One observation genuinely resonated with me:
When Pope Francis goes the way of all of us, who knows?Cardinal Burke for Pope! I don’t think so. What the Church needs is not conservatism but vision. Benedict XVI had it, but he was unable to translate it into terms that would be understood by ordinary folk and priests brought up on slops since the 1970’s and earlier in some places.
I am part of that group that spent roughly the last decade of John Pail II's pontificate hoping one day Ratzinger would walk out on that balcony of St. Peters to the words "habemus papam!"
That day came and by the mid point of his papacy it seemed everything happened that ought not to have happened. As Fr. Chadwick notes, Ratzinger was not and is not a conservative. He is a German Romantic with a theological, liturgical, ecclesiological and cultural vision. The vision proved too complex for his mass conservative fan base and liberal detractors to understand, marked as it was with intellectual rigor, precision, and subtlety. Needless to say, it never translated well in age where mass communication necessitates compressing content into readily accessible messaging and messaging is more often than not used to manipulate public opinion.
At the time, it was tempting to accuse Ratzinger of banal restorationism. I am roundly guilty of having done this. Amid the throng of conservatives presenting Ratzinger as their ideology finally come to power, it was easy to forget the content of his vision.

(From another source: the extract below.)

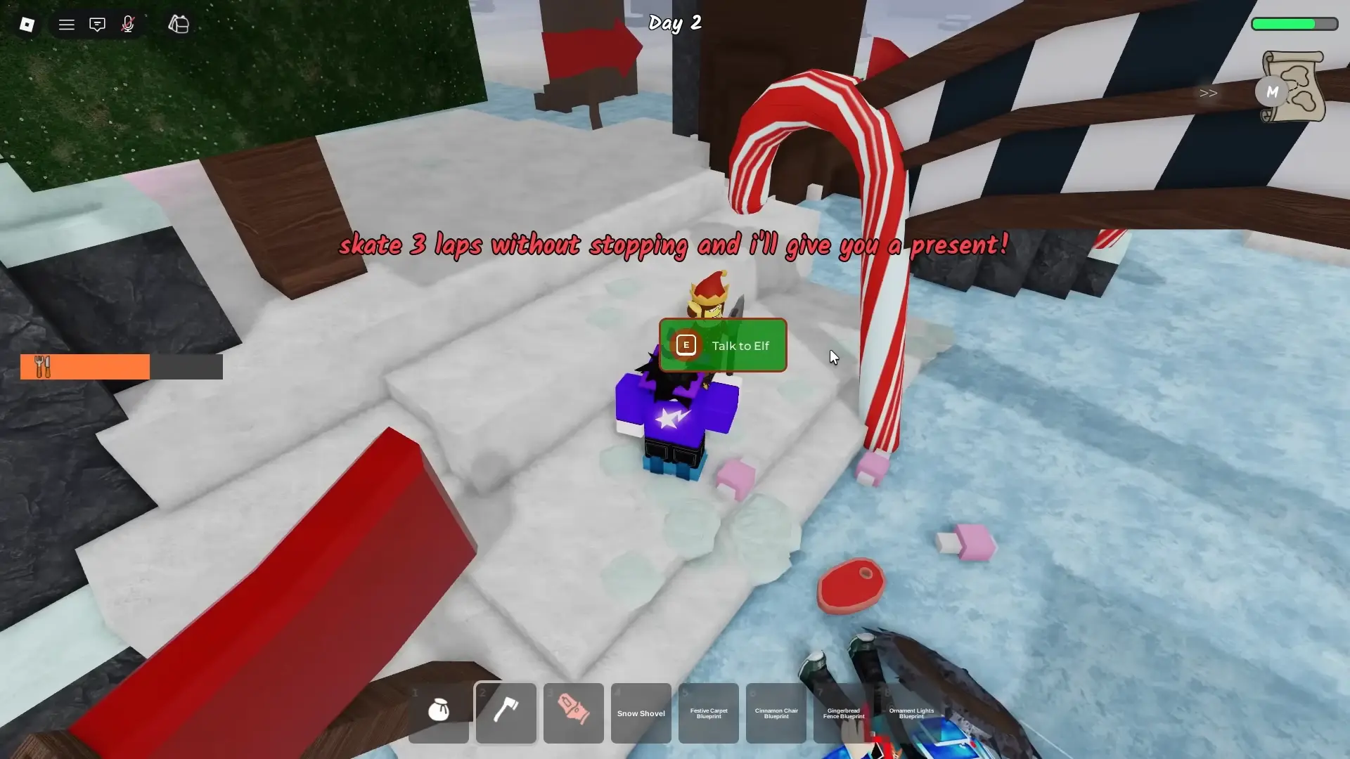 Это мини-испытание. Чтобы помочь эльфийке в красном колпаке, нужно надеть коньки и проехать три круга по трассе, не сходя со льда и перепрыгивая препятствия.

There remains speculation as to why Benedict resigned. Whatever the reason, his supporters and detractors failed to understand the vision he had for the Roman Church and the content was translated into a torrid parody of the real thing. Is it because Ratzinger himself wasn't able to aptly communicate it to a mass religion? Perhaps, or perhaps more accurately he failed to understand that mass religions are scarcely the forum for complexity or subtlety, prone as most humans are to immediately bifurcated thinking.
This is part of the reason his pontificate failed. Another factor was his insistence in calling crisis of belief and culture for what it is. Ratzinger was never a proponent of the forced optimism of Vatican II and I'm not sure he was particularly keen on a new springtime of the faith or new Pentecost. For those who could comprehend his mind, Ratzinger's vision did not suffer delusional optimism well.
Further to the above, his vision of a leaner but more committed Catholicism positively terrified much of his hierarchy. It frankly did not translate well for people who cannot conceive of a Christianity that survives by working around the system, not as part of the system. Those same persons have found tremendous comfort in recent years.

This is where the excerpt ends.